# when to feed different foods



## Jeremyxb12 (Aug 27, 2013)

Hey guys got my baby tegu in today thanks to Johnny. He/she is 3 weeks old and I was wondering when I should start to to feed different food. the lil gu ( its name until I figure it out as female or male) is currently chowing down on gutload dusted crickets and eating very good. just wanted to know how long to do this before seeking other food to give to lil gu


----------



## ferociouscorpion (Aug 27, 2013)

I've been feeding my hatchlings blue tegu and Columbian tegu different foods everyday. Rotate everyday between chicken gizzards, dubia roaches, mealworms, ground beef, and ground turkey.


----------



## Bubblz Calhoun (Aug 29, 2013)

_Congrats on the new Gu, there's no reason to wait you can start offering a variety of foods right away. _


----------



## Jeremyxb12 (Aug 29, 2013)

I was feeding it crickets and I only had 2 left today so I went and offered it salmon but turned its head then I offered an egg wouldn't take it in its feeding bin but I then put some in its enclosure and ate it .


----------



## Jeremyxb12 (Aug 29, 2013)

Also what kind of turkey would you recommend? Deli cut or ground turkey?


----------



## ferociouscorpion (Aug 29, 2013)

Lean ground turkey. Mix with calcium.


----------



## Oldschool (Aug 30, 2013)

Hi, I've had my B&W for 2 weeks now and he's been eating mostly dusted crickets, mealworms, wax worms. The crickets he eats in a separate container, the mealworms and wax worms, I put them in the food dish which will have the ground turkey, beef liver, cod liver oil mix and the movement of the worms will get him to ingest some of the meat mix so he can eat some, but that's the only way he will eat that. I also use the canned tegu food and he seems to like it a little better than the meat mix. They get big fast because he's already grown a good inch in 2 weeks and the green on his head is fading more every day. I also handle him once every day and he's getting tamer and tamer as I pick him up. I'm new to this site and this is my first tegu. I've been wanting an Argentine B&W since the late 90's and I finally got one. It's always nice to know that others are going through similar experiences and people can learn from other owners' experiences. Good luck


----------



## Oldschool (Aug 31, 2013)

This morning I fed him the meat mix with tongs and he actually liked it. I'm gonna go to the garage and get him a shallower food dish and see if that'll help.


----------



## Oinari (Sep 5, 2013)

Had mine for a one to one and half months, been feeding giant and super mealworms, waxworms (though not often cause I can't keep the fridge warm enough for them), lean ground turkey, chicken liver/gizzards, beef liver, scrambled eggs, sliced up grapes. I generally give him 2 types of food per meal, one of them dusted, and every few days or so a little cod liver oil that I drain from a pill. He's on his 3rd shed now since I've had him and growing pretty fast! It's nice being able to portion out food for him, while feeding myself.  

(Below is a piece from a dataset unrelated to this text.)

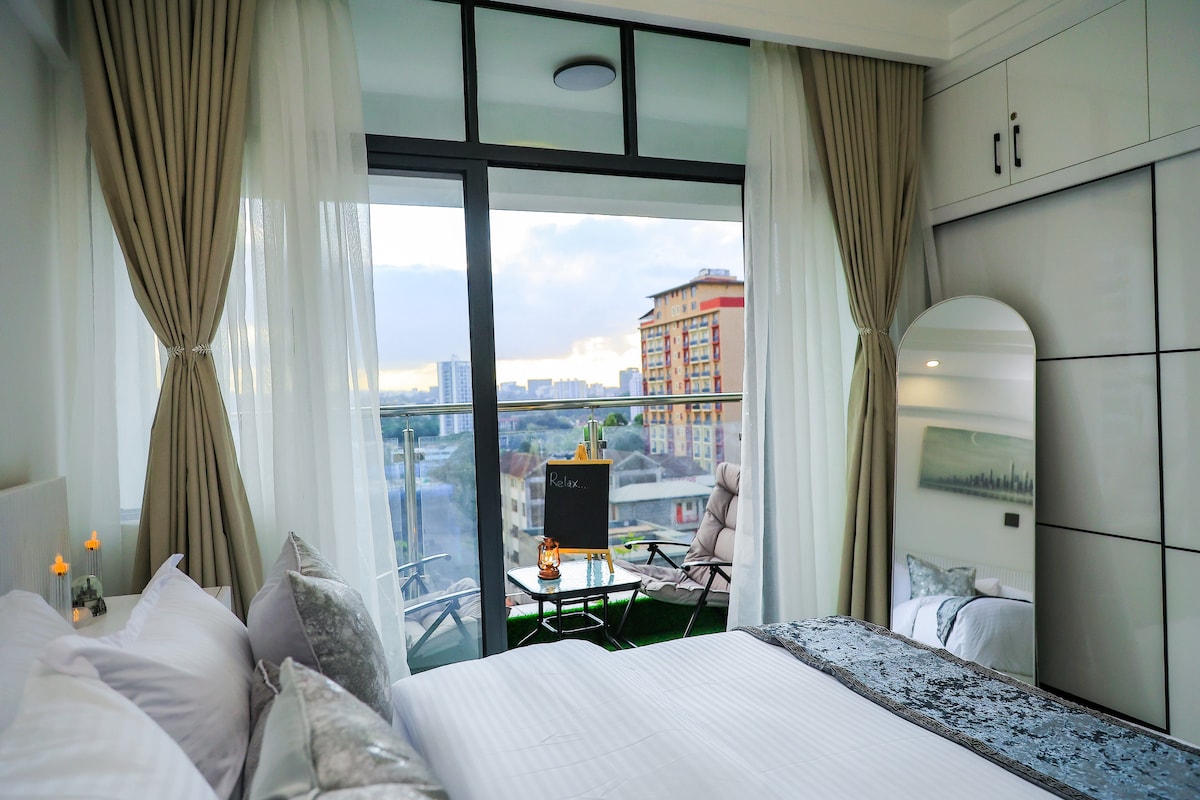 Luksuriøst soverom med eget bad og ekstra gjestebad. Moderne interiør med rikelig med naturlig lys og gulv-til-tak-vinduer som gir fantastisk utsikt over Nairobi. Ligger i Westlands i nærheten av fine spisesteder, shopping og viktige attraksjoner. Inkluderer raskt trådløst nettverk, smart-TV, førsteklasses kjøkkenapparater, sikkerhet døgnet rundt og concierge-tjenester. Enten det er for fritid eller jobb, har denne leiligheten den perfekte balansen mellom luksus og tilgjengelighet.

I tried buying a few guppies and putting them in his water dish. He tried going after them a few times but stopped bothering with them after that, only returning to drink when I was around to notice.


----------



## laurarfl (Sep 6, 2013)

Keep in mind that a lot of foods that young captive tegus eat are low in calcium and/or high in phosphorous. Gut load live insects with high calcium veggies like collards and coat them well with calcium. Also add calcium to any food without bones. If you use cod liver oil, do not use calcium that contains Vit D.


----------